Forbes recently recounted the ongoing urban exodus in America amid low mortgage rates and a growing demand for remote work. Previously, urban dwellers were more susceptible to being priced out of the suburbs as city dwellers are selling their higher-priced real estate and moving to the suburbs. Danielle Hale, realtor.com chief economist, anticipates home sales rising 7% in 2021, and prices to increase 5.7% despite already reaching all-time highs. Hale said she does expect the buying surge to slow by the end of the year once new construction advances. Daryl Fairweather, chief economist of Redfin, said he expects home sales to increase 10% in 2021 from 5% in 2020. He also said he expects homeownership to rise above 69% by the end of the year. David Howard, National Rental Home Council executive director, said that affordability and supply will be the two main driving forces. Although all economists interviewed by Forbes stated that the real estate market is relying on Millennials to purchase homes, however, Howard was one of the only to acknowledge that demographic is being priced-out of the market who are likely already paying a premium on rental housing. “Much of this move is being led by Millennials, who are transitioning squarely into prime household formation years. However, that generation is also the least wealthy at a time when the cost of homeownership continues to climb. We believe these demographic factors bode well in the coming years for the rental housing market, particularly single-family rental homes. Millennials’ demand for housing is not going to diminish, but it may just take a little longer to make homeownership a reality,” Howard said.

US Market Closings:

  • Dow advanced 2.9 points or 001% to 33,984.47
  • S&P 500 declined -0.96 of a point or -0.02% to 4,186.66
  • Nasdaq declined 48.46 points or -0.34% to 14,090.22
  • Russell 2000 advanced 3.26 points or 0.14% to 2,301.27

 

Canada Market Closings:

  • TSX Composite advanced 4.53 points or 0.02% to 19,175.09
  • TSX 60 advanced 0.69 of a point or 0.06% to 1,141.14

 

Brazil Market Closing:

  • Bovespa declined 1,206.24 points or -1% to 119,388.37

ENERGY:

 

The oil markets had a green day today:

 

  • Crude Oil increased 0.51 USD/BBL or 0.82% to 62.4200
  • Brent increased 0.3 USD/BBL or 0.46% to 65.9500
  • Natural gas increased 0.076 USD/MMBtu or 2.72% to 2.8660
  • Gasoline increased 0.0286 USD/GAL or 1.45% to 2.0072
  • Heating oil increased 0.0157 USD/GAL or 0.84% to 1.8942
  • Top commodity gainers: Ethanol (5.96%), Palm Oil (4.76%), Sugar (4.43%) and Corn (2.90%)
  • Top commodity losers: Aluminum (-0.63%), Zinc (-0.78%), Lean Hogs (-0.96%), and Soybeans (-0.78%)

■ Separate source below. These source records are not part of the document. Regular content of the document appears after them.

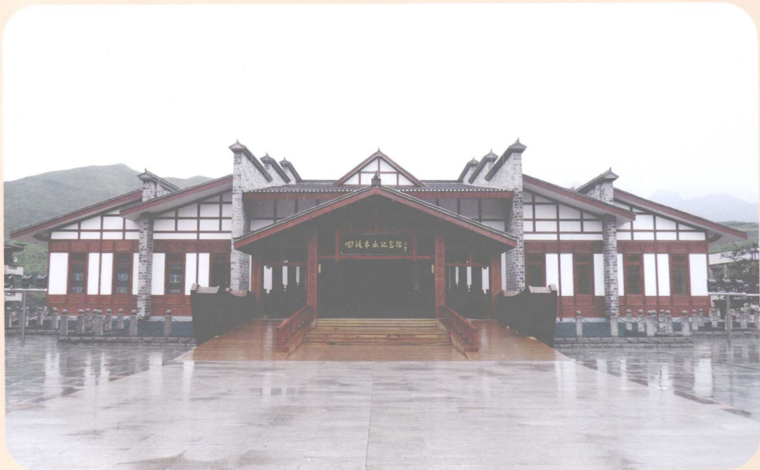
四渡赤水纪念馆(习水县土城镇)
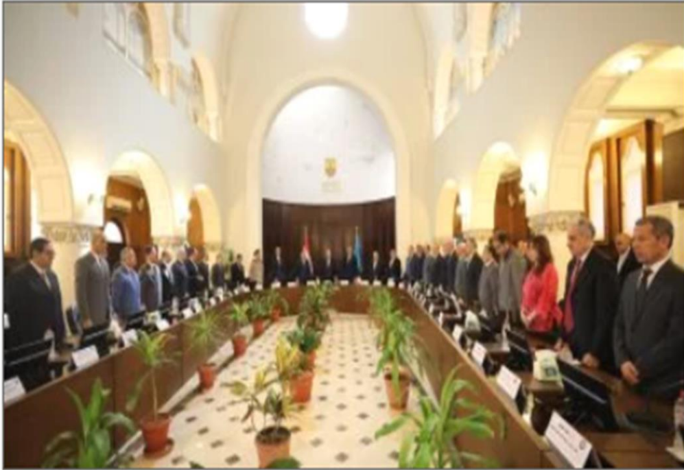
المجلس الأعلى للجامعات

https://www.youm7.com/story/2025/1/1/%D8%A7%D9%84%D9%85%D8%AC%D9%84%D8%B3-%D8%A7%D9%84%D8%A3%D8%B9%D9%84%D9%89-%D9%84%D9%84%D8%AC%D8%A7%D9%85%D8%B9%D8%A7%D8%AA-%D9%8A%D8%B9%D8%AA%D9%85%D8%AF-%D8%A7%D8%AE%D8%AA%D8%B5%D8%A7%D8%B5%D8%A7%D8%AA-%D9%88%D8%AA%D8%B4%D9%83%D9%8A%D9%84-%D9%84%D8%AC%D8%A7%D9%86-%D8%A7%D9%84%D9%82%D8%B7%D8%A7%D8%B9/6831630
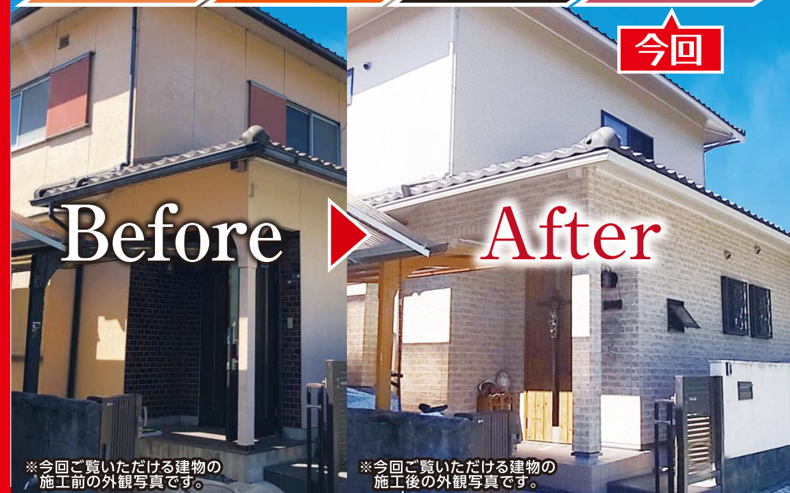
※今回ご覧いただける建物の施工前の外観写真です。
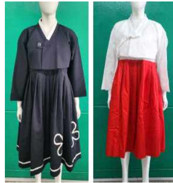
〈Fig. 4〉 Hanbok Produced Additionally in 2023 (Photo by Author, 2023)

서 보완이 필요했던 품목 30벌을 추가로 제작하였다. 여학생 교복 형태가 선호도가 높아 여러 벌을 더 제작하였으며, 외국인 유학생의 체형을 고려하여 좀 더 다양한 치수를 구비할 수 있도록 하였다. 또한 기온이 낮아지는 2학기 수업에서의 체험 시기에 대비하여 방한용 복식을 추가로 제작하였다. 〈Fig. 4〉는 추가로 제작한 한복 중 일부이다.
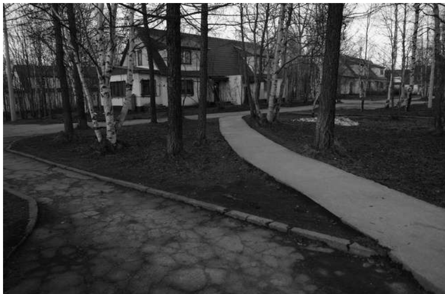
Академгородок. 2012 г.

Дрожит на столе подстаканник, В воде ни дорог нет, ни рельс. Уходит, уходит «Титаник» В последний и первый свой рейс.
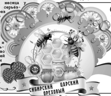
СИБИРСКИЙ ЦАРСКИЙ ОРЕХОВЫЙ

Из отчаявшейся больной женщины-инвалида дочь превратилась в сияющую красотой и здоровьем привлекательную даму. Это средство омолаживает, мы его всей семьей пили и выглядели на все 100! Говорят, наши ученые воссоздали древний рецепт. Правда ли это? Если да, то где можно купить?»
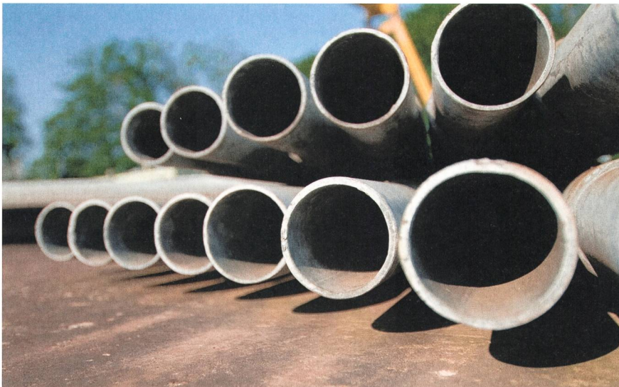
Figura 4 Stoccaggio tubi in magazzino.

prima di veder applicata la deroga dell'atto pubblico per i casi di applicazione dell'articolo 691 CC.
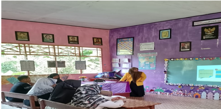
Gambar 7. Mengajar dikelas 2 Pengutan literasi murid

Selain pembelajaran disekolah mahasiswa dan tim juga membuat kelas senja atau pembelajaran luar kelas (ekstrakurikuler) disore hari karena ini dianggap memiliki capaian pembelajaran, khususnya capaian kemampuan literasi baca tulis, dan untuk menumbuhkan budi pekerti melalui pembelajaran yang menyenangkan dan ramah kepada peserta didik, sehingga menumbuhkan semangat dalam kegiatan literasi baca tulis, menumbuhkan semangat ingin tahu dan cinta pengetahuan, dan memampukan setiap anak untuk terlatih berkomunikasi dan dapat bersosialisasi di lingkungannya. proses pembelajaran kelas 3 yang diberikan mahasiswa adalah materi tematik (matematika), memberikan pembelajaran disore hari dalam peningkatan literasi numarasi.
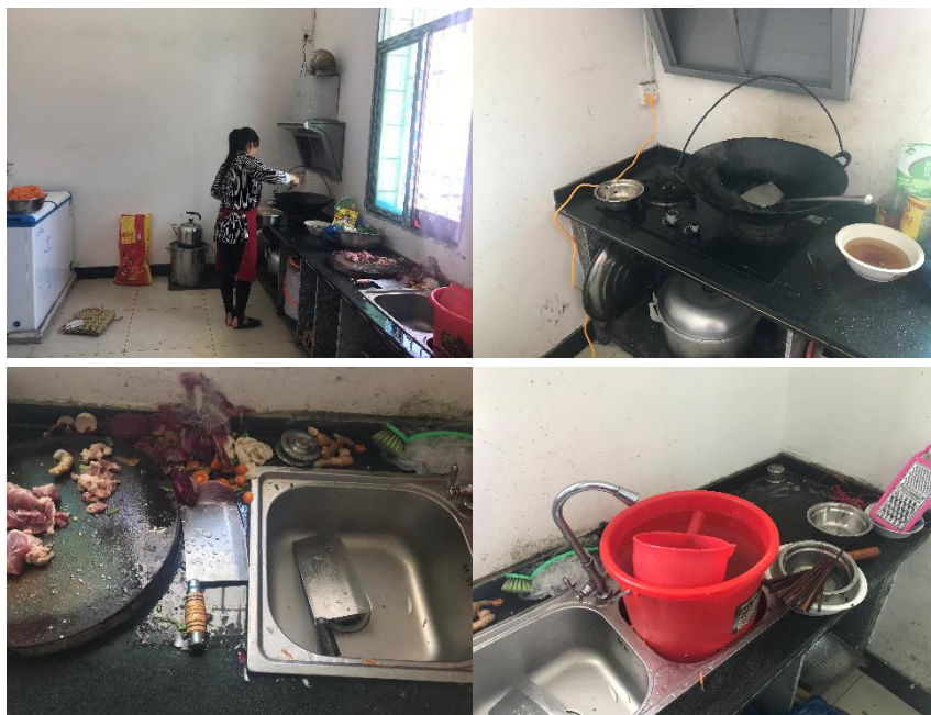
图 I-2 厨房卫生情况组图
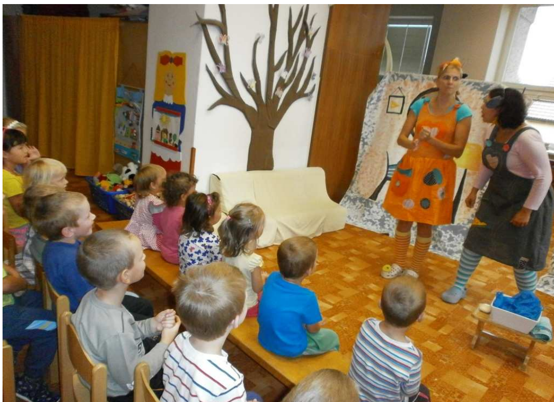
DIVADLO V MŠ

The above data was collected around 13:50 EST on Tuesday.

BONDS:

Japan 0.0880%(+1bp), US 2’s 0.18%(+0.008%), US 10’s 1.6128%(+4.28bps); US 30’s 2.2797%(+0.04%), Bunds -0.2490% (+1bp), France -0.0002% (+0bp), Italy 0.8210% (+2bp), Turkey 17.85% (-12bp), Greece 0.942% (+4bp), Portugal 0.431% (+2.4bp); Spain 0.424% (+1.73bp) and UK Gilts 0.775% (+2bp).